Smut Clyde (pseudonym) has found many of those noise stutter examples, where plots appear to be composed of repeating parts. For example, read Smut’s article called “Nanodandruff and synthetic spectroscopy” on Leonid’s blog For Better Science.
Some more examples of unexpected repeats within spectra plots can be found on PubPeer:
- Highly concentrated amino group-functionalized graphite encapsulated magnetic nanoparticles fabricated by a one-step arc discharge method
- Spectroscopic and Modeling Investigation of Eu(III)/U(VI) Sorption on Nanomagnetite from Aqueous Solutions
- Characterization of radioactive cobalt on graphene oxide by macroscopic and spectroscopic techniques
Let me know what you think about these unexpected repeats in the comments below. Do you think these repeats can occur by chance?
3 thoughts on “Duplications in Spectrum Plots”
I’m a solid state chemist, so I use PXRD daily. I won’t comment on the particular figures, but I will make some general comments.

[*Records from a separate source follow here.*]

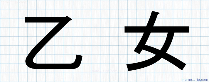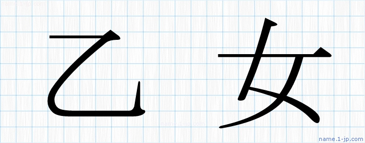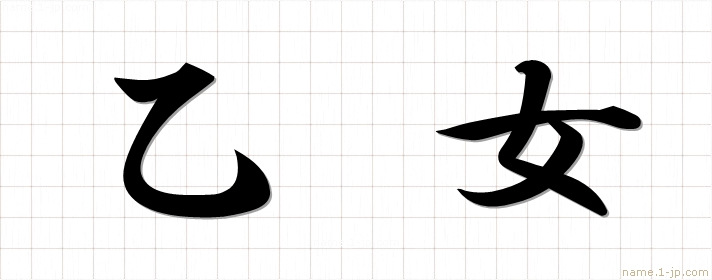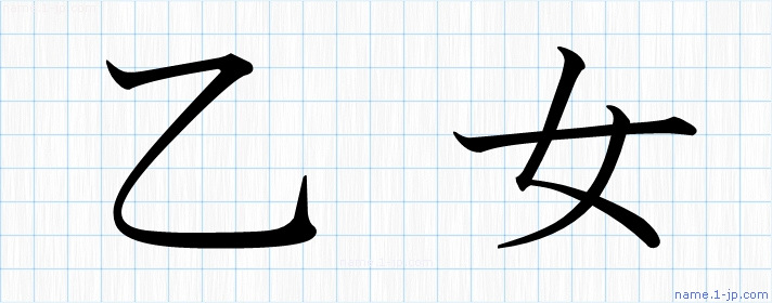 「乙女」名前の見本 乙女書き方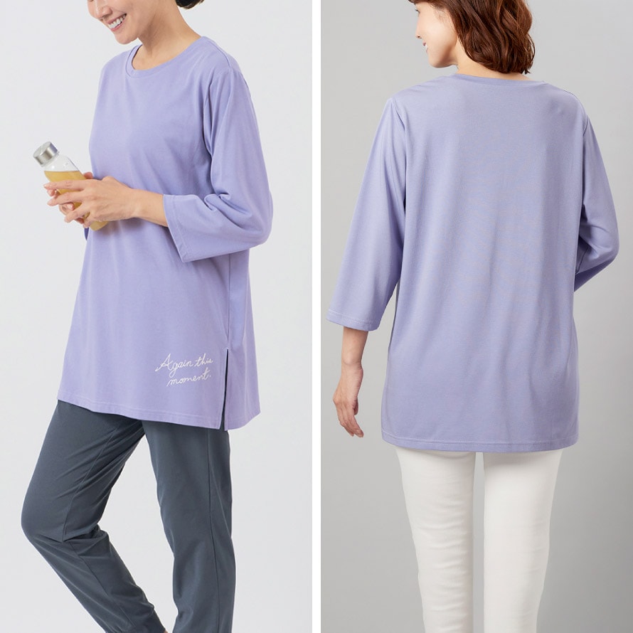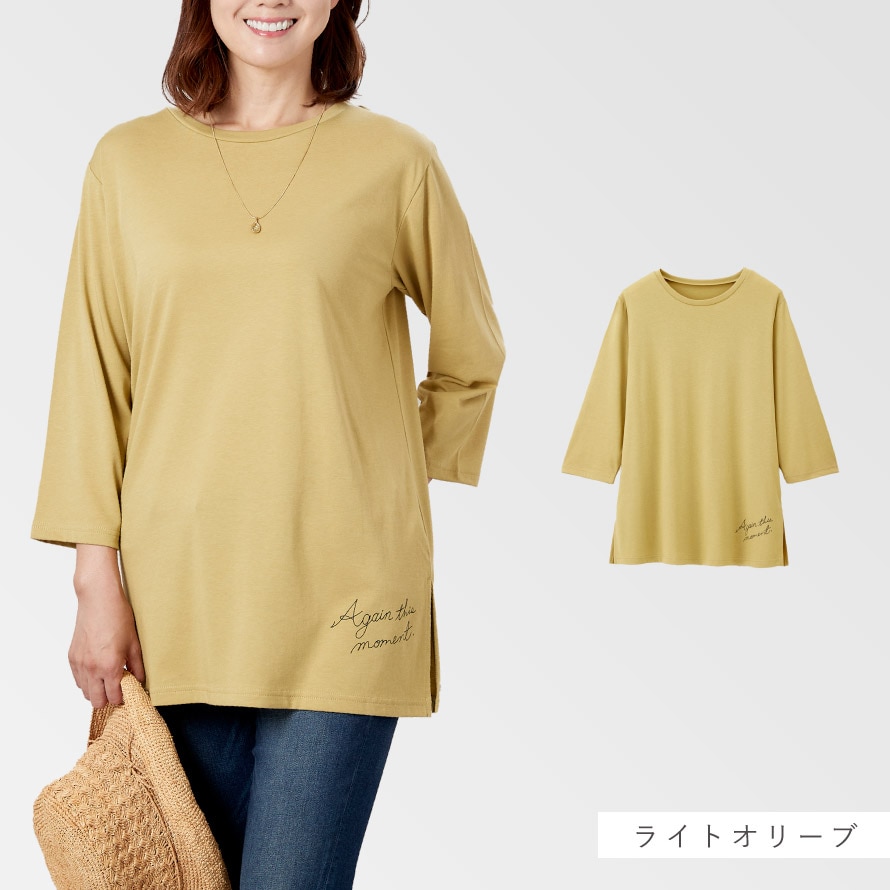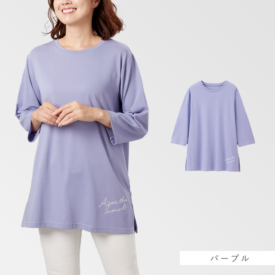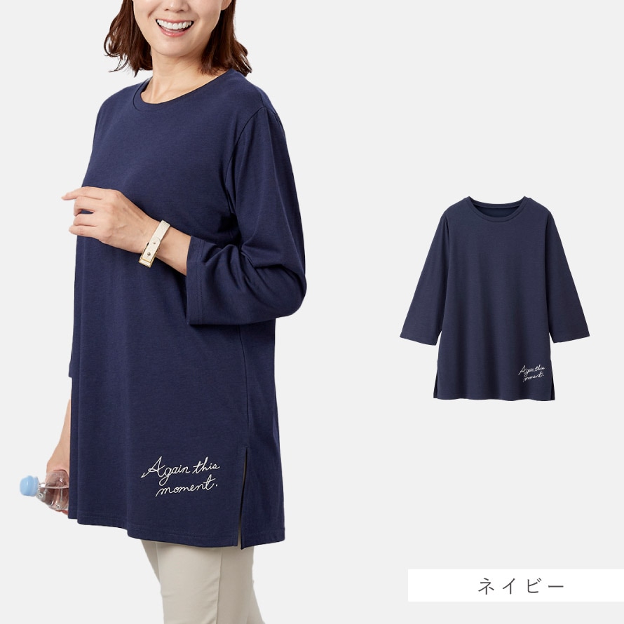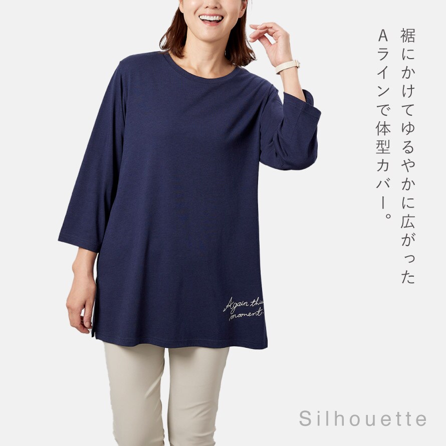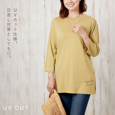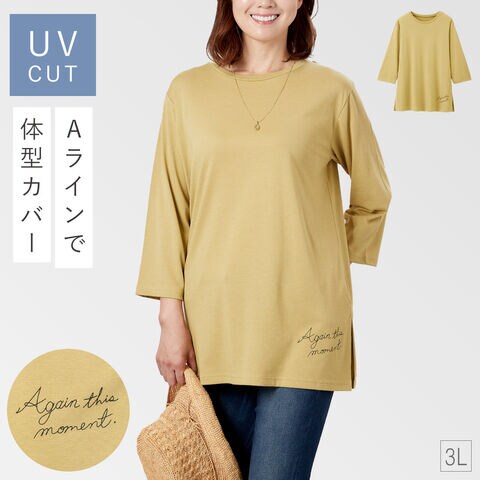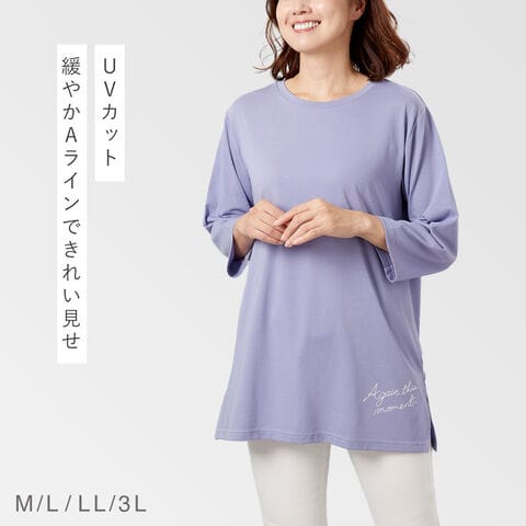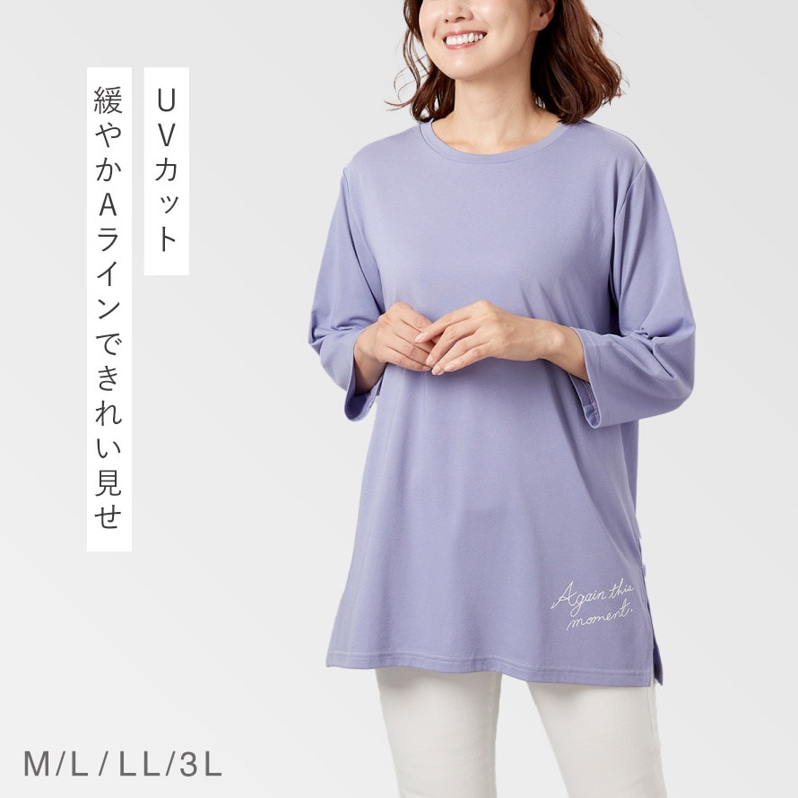チュニック 大人可愛い レディース 七分袖 uvカット 7分袖 大人 春 M L LL 3L ゆったり 大きいサイズ aライン 体型カバー UVカット肌さらロゴチュニック スリット付き 紫外線カット 50代 60代 70代 ミセスファッション 婦人服 母 きれいめ シンプル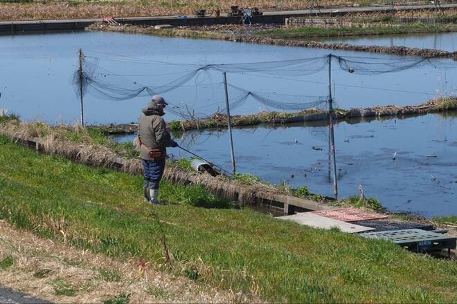 今回釣行したのは3月中旬。この時期はイネ田への通水がまだ始まっておらず、水量が少ないうえに水の動きも乏しいホソが多い。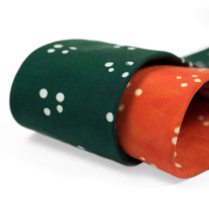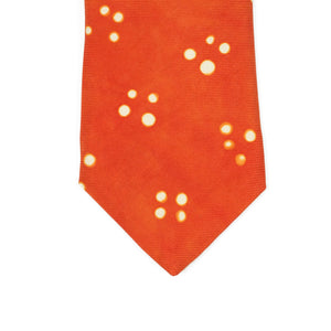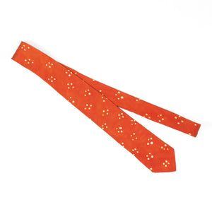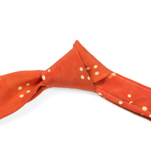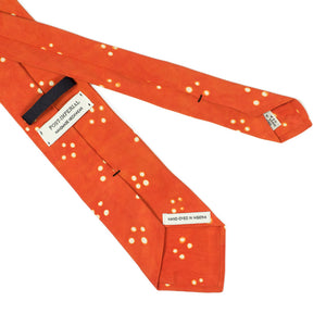 Orange self-tipped silk tie, white Adire cross dot pattern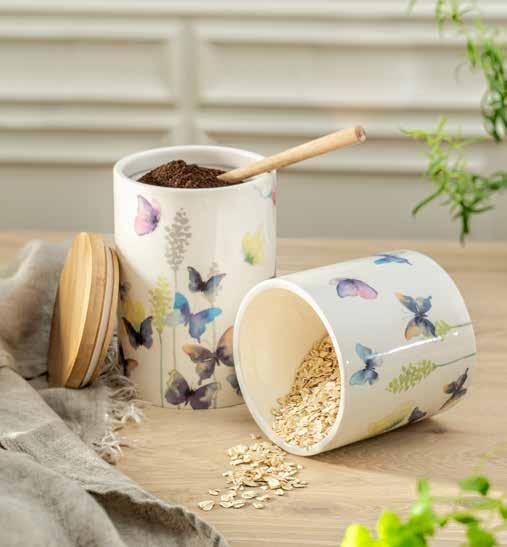Näyttävä ja käytännöllinen posliinista valmistettu säilytyspurkki ilmatiiviillä bambukannella. Säilytyspurkkia koristaa taiteilija Cecilia Åbergin suunnittelema upea perhosaihe, jossa hennot perhoset tanssivat valkoisella maasälpäposliinilla ja vievät ajatukset vuodenajasta riippumatta kauniisiin kesäpäiviin. Säilytyspurkki on erinomainen monien elintarvikkeiden säilyttämiseen, samalla kun se toimii näyttävänä sisustuselementtinä.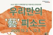 양천구는 오는 12월 2일부터 3일까지 양천문화회관에서 ‘2025년 문화진흥기금 지원사업 성과공유회(우리만의 藝(예)피소드)’를 개최한다고 1일 밝혔다. ‘문화진흥기금’은 지역 간 문화격차 해소와 고유문화 발전을 위해 조성된 것으로, 구는 지역 예술인의 창작 역량 강화 및 활동기반 확대를 위해 지원사업을 추진하고 있다. 전시와 공연으로 구성된 이번 성과공유회는 올해 문화진흥기금 지원을 받아 활동한 지역 청년·청소년·장애예술인 등이 한 해 동안 쌓아온 창작 성과를 구민에게 선보이는 자리다. 전시는 2일과 3일 양일간 양천문화회관 1층 로비와 전시실에서 열리며, 유리공예, 금속공예, 회화, 사진, 캘리그라피 등 다양한 장르의 작품이 소개된다. 주요 전시작으로는 ▲김소곤 작가의 유리공예 ‘Space VII’ ▲이성미 작가의 장신구공예 ‘Gaze Of Watcher’ ▲공현진 작가의 나무 꼭두 공예 ‘지옥꽃’ 등 공예 작품과 ▲이하진 작가의 ‘몽키 포레스트’ ▲이주영 작가의 ‘겨울기억’ ▲정진아 작가의‘ 우리 단지’ 등 회화 작품이다. 이외에도 박지환 작가의 사진과, 임미나 작가의 캘리그라피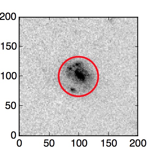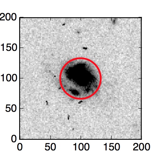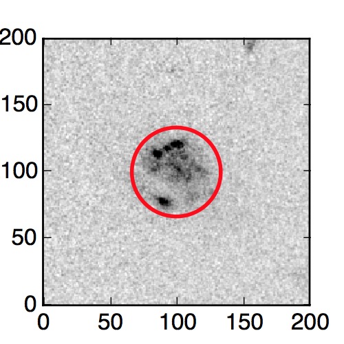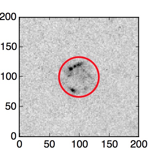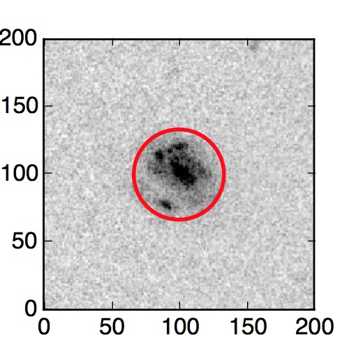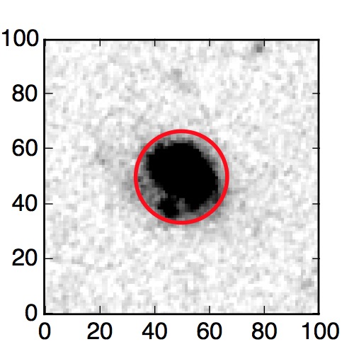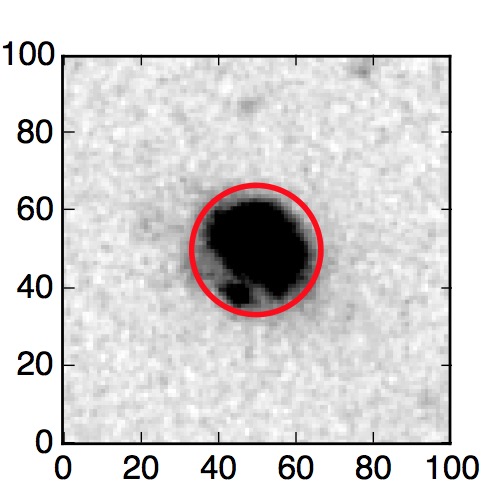 The red circle in the various panels is 1" in radius. The images are 6"x6".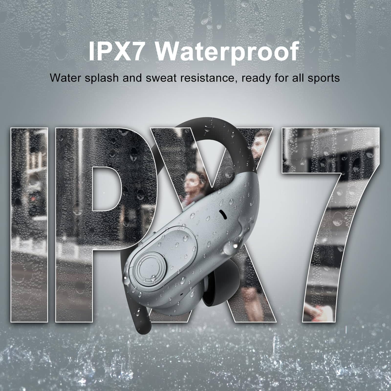 5. Impermeables IPX7: Estos auriculares inalámbricos deportivos tienen una calificación IPX7 impermeable, la superficie de ambos audífonos inalámbricos está sellada para evitar que el sudor o la lluvia entren, y el nano-revestimiento interno protege los componentes de la humedad en el aire. Protege los audífonos Bluetooth de las ligeras gotas de lluvia o el sudor durante entrenamientos intensos. Ampliamente aplicado a correr, ejercicios, gimnasio, viajes, incluso en un día lluvioso.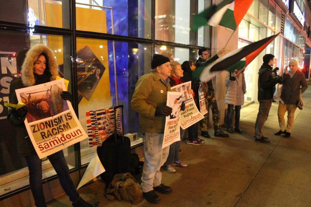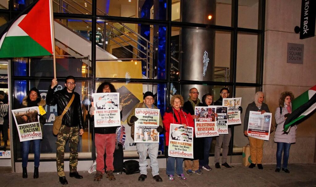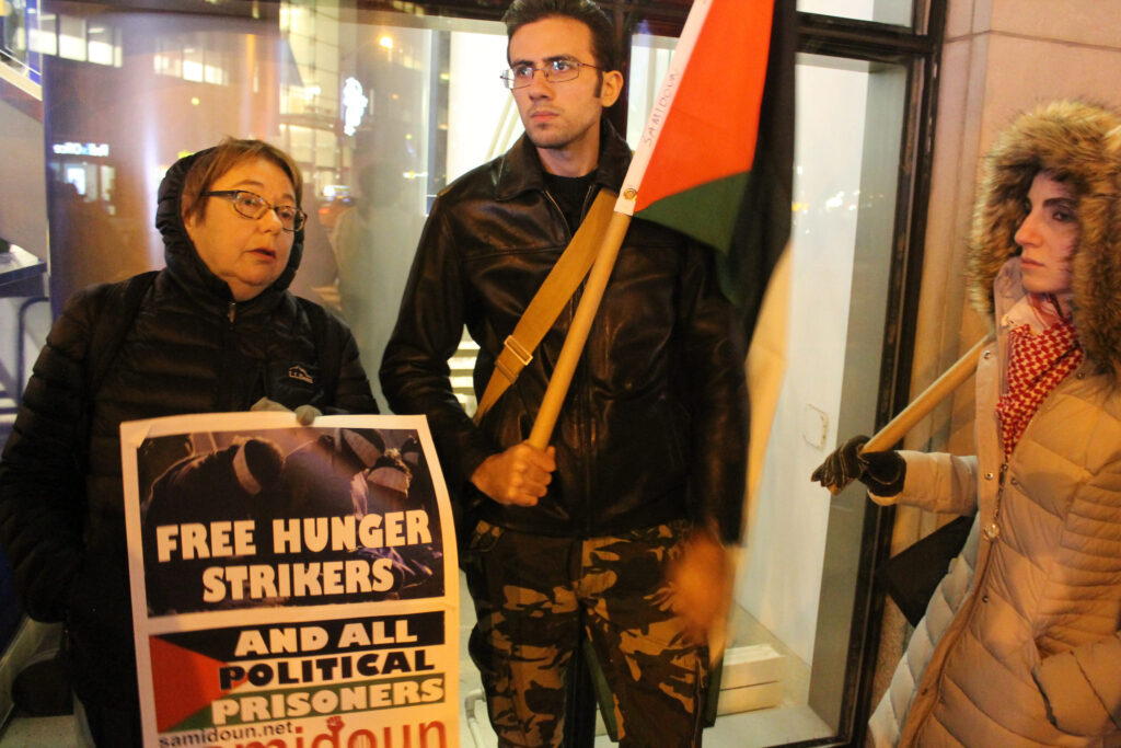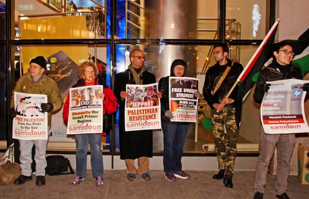 Samidoun activists in New York City organized a protest on Monday, 27 November to support imprisoned Palestinian hunger striker Salah al-Khawaja and all Palestinian prisoners. The protest also came as part of global actions in support of the boycott of Hewlett-Packard (HP) corporations for its involvement in profiteering from and selling technology to sustain the occupation, oppression and colonization of Palestine.

The noise in PXRD patterns* arises from simple poisson statistics: the detector counts the number of X-rays at each point and this will have a standard error of square root(no. of X-rays). It is outrageously unlikely that the same noise pattern can emerge in multiple data sets, even if measured on the same sample immediately after.
Your description of the meaning of PXRD was pretty good – but one minor additional point: the position of the peak tells you about the size of the repeat unit in the crystal (as you said), but it’s the *intensity* that tells you where the atoms are.
*typically, XRD data is measured using constant X-ray wavelength and so are properly patterns, not spectra.
My scans also included flow cytometry images, since these consists of thousands of individual dots that will land at a slightly different and unique place, even if the experiment gets repeated.
Not to forget the flow-cytometry histograms, with only one measurement of each cell, instead of a two-dimensional scatter-plot.
There are photoshop-assembled FTIR spectra out there in the literature too.